Currently, Reliance Mutual Fund manages the CPSE ETF after Goldman Sachs exited the mutual fund business in India. Individual investors can invest a minimum of Rs5,000 in the CPSE ETF, while the maximum is Rs10 lakh. Non-institutional investors and qualified institutional buyers can invest a minimum amount of Rs10 lakh.
The government had offered a 5% discount to all investors during the launch of the ETF. Retail investors were also offered one loyalty bonus unit for every 15 units held for a year. The fund overshot the target of Rs3,000 crore, collecting Rs4,400 crore and allotting units proportionately to unit holders at Rs17.45 apiece. The government official quoted earlier said the finance ministry is also hoping to get “a significant portion of investment” from the Employees’ Provident Fund Organisation’s (EPFO) funds earmarked for equity investment in the CPSE ETF.

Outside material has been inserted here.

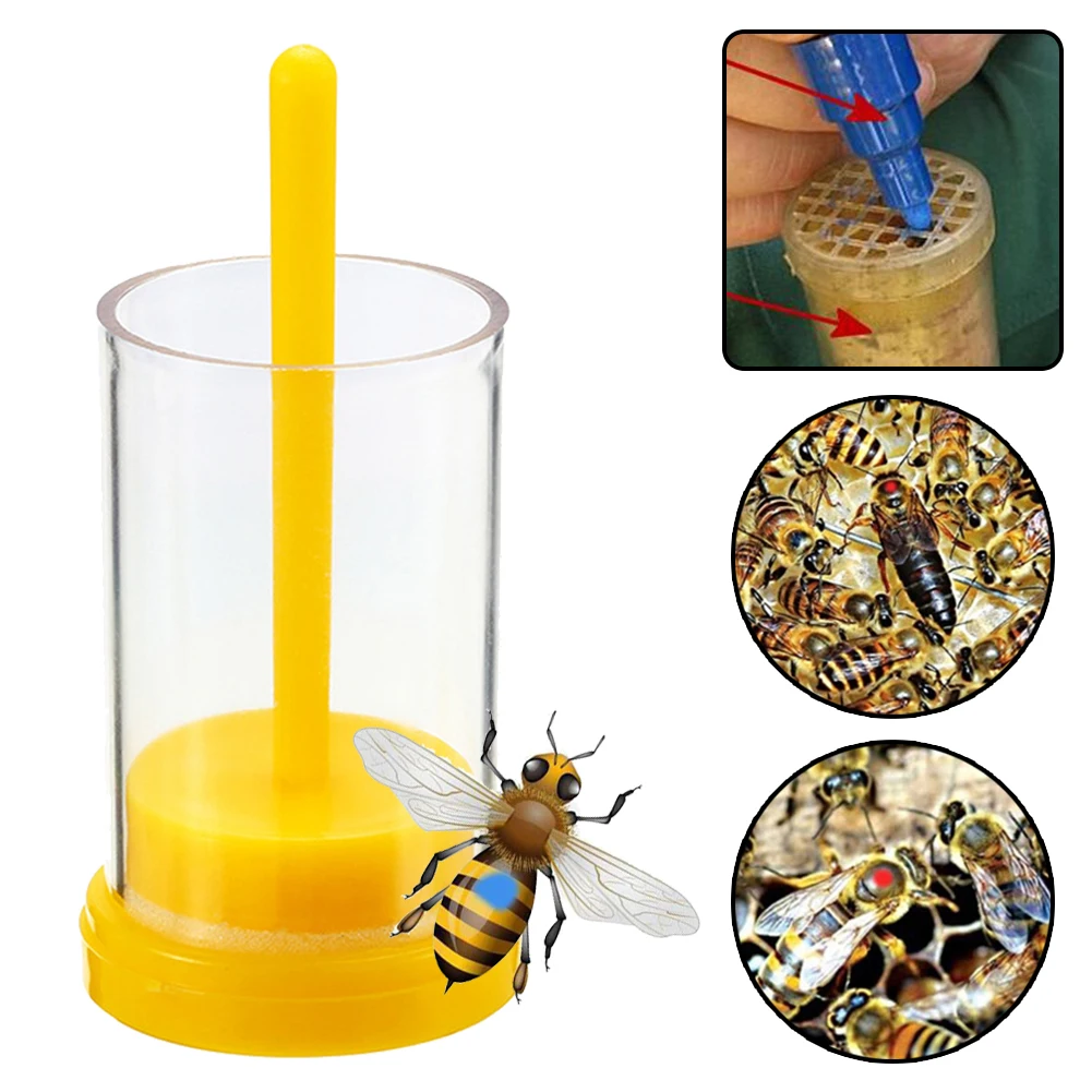 Queen Bee Marker Bottle Protect Safety Bee Catcher Yellow Plastic Farm Marker Bottle Plunger Plush Garden Beekeeper Accessories

EPFO invested Rs6,577 crore in 2015-16 and will pump over Rs13,000 crore into equities in 2016-17 after the labour ministry-controlled retirement fund manager decided to double its equity exposure from 5% of its incremental corpus to 10%. EPFO manages a corpus of over Rs8.5 trillion, with some 40 million subscribers contributing to the fund every month.
EPFO entered the Indian equities market in August 2015, channelling its investments through two ETFs—SBI-ETF Nifty and SBI Sensex ETF. While 75% of the corpus went to SBI Nifty, the rest was invested in SBI Sensex. Both ETFs mimic the Nifty and Sensex indices.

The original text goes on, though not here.